Il grasso ha un suo gusto specifico Ma, credeteci, non è un granché

Il grasso, quello fisico, legato cioè alla pura ciccia e alla battaglia con la bilancia, lo conosciamo tutti. Visivamente parlando, si intende. Eppure il grasso pare che oltre ad una specifica ‘consistenza’ abbia anche un sapore ben definito. Non propriamente buono, tutt’altro, ma che comunque ci piace e anche molto. È quanto emerso da una ricerca della Purdue University, negli Stati Uniti, e supportata dal Department of Agriculture di Grant Hatch, e pubblicata sulla rivista Chemical Senses.
La scoperta. Cinque gusti + 1. Recentissimo, insolito e strano e per lo più ancora irriconoscibile al palato: è il sapore del "grasso" che va ad unirsi ai cinque altri confratelli, i tradizionali e ben noti sapori del dolce, agro, salato, amaro e umami, quello tipico del glutammato cioè di tutti gli alimenti che contengono molte proteine come carne e formaggio. Scientificamente lo hanno chiamato ‘oleogusto’, da una parola di derivazione latina, e pare che il nostro palato (a dire la verità ancora di pochi) sia capace di riconoscerlo e di distinguerlo dagli altri. Almeno secondo quando hanno sperimentato alcuni ricercatori ricercatori americani che hanno messo alla prova assaggio 54 volontari, invitandoli a testare svariate miscele simili ma con gusti diversi. Tutti hanno riconosciuto, come è ovvio e senza difficoltà, dolce, salato e acido. Non è stato così invece per i gusti amaro, umami (che è stato scoperto nel Novecento e oggi viene largamente impiegato nell’industria alimentare) e grasso che i ricercatori hanno raggruppato in un insieme definito “nebulous bucket”, ovvero scomparto indistinto, appunto, vista la poca sensibilità palatale verso questi ultimi. Ma 28 partecipanti, nonostante tutto, ci sono riusciti e poiché il palato potrebbe ingannare, gli scienziati hanno rimosso consistenza e odore ‘grassi’ per togliere ogni indizio ‘gustativo’. Ed è successo che il 64 percento dei partecipanti all’esperimento poteva distinguere un campione di acido grasso dagli altri gusti.
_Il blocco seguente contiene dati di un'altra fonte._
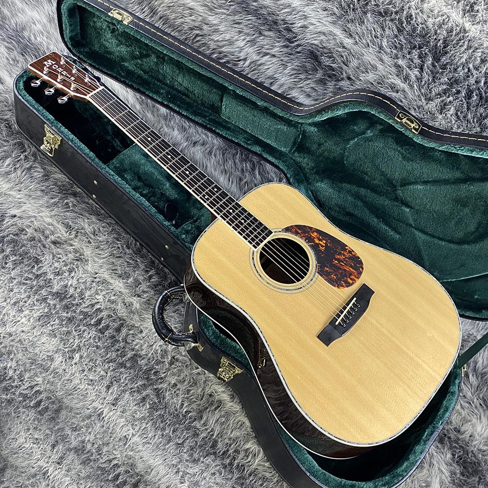 シトカスプルース単板トップにローズウッドサイド&バックを採用したウッドマテリアル。

Il grasso, di cosa sa? Insomma il grasso, alla fine, che sapore ha? Cattivo, non c’è dubbio. Ma solo se ‘isolato’, almeno pare. La maggior parte del grasso che ingeriamo è nella forma di trigliceridi i quali però danno ai cibi soltanto alcune consistenze caratteristiche, come la cremosità, mentre a determinare il gusto sono gli acidi grassi, divisi dai triglicerdi durante la masticazione. Ma qualunque sia il processo gustoso, o la molecola responsabile del sapore, il risultato è uno solo: che il grasso risulta molto sgradevole al palato, tanto da poter provocare una sensazione di vomito. È lecito chiedersi allora come mai piaccia. È perché il grasso, furbo, riesce a mescolarsi alla perfezione agli altri sapori, addirittura esaltandoli, come fanno l'amaro nel caffè o nella cioccolata, e migliorandoli.
Quali sviluppi. I fini della scoperta non sono però solo gustativi. Avrebbero un ché anche di terapeutico. Infatti i ricercatori pensano che l’"oleogusto" possa avere un impatto su quanto scientificamente già si conosce in merito a come i recettori del nostro corpo percepiscono i grassi. In buona sostanza può essere utile per aiutare coloro che sono a dieta e diminuire le calorie ingerite. O ancora, essere impiegato dalle industrie alimentari per dare una migliore e più precisa identificazione al gusto, sviluppando prodotti ancora più gradevoli al palato. Ma, per noi, meglio sarebbe se la scoperta fosse utilizzata per dare determinate caratteristiche agli alimenti, controllandone la componente grassa. Meno ‘trigliceridi’ significa prevenire alcune importanti malattie correlate all’eccessivo introito di questa componente alimentare. E, diciamolo, non sarebbe proprio male.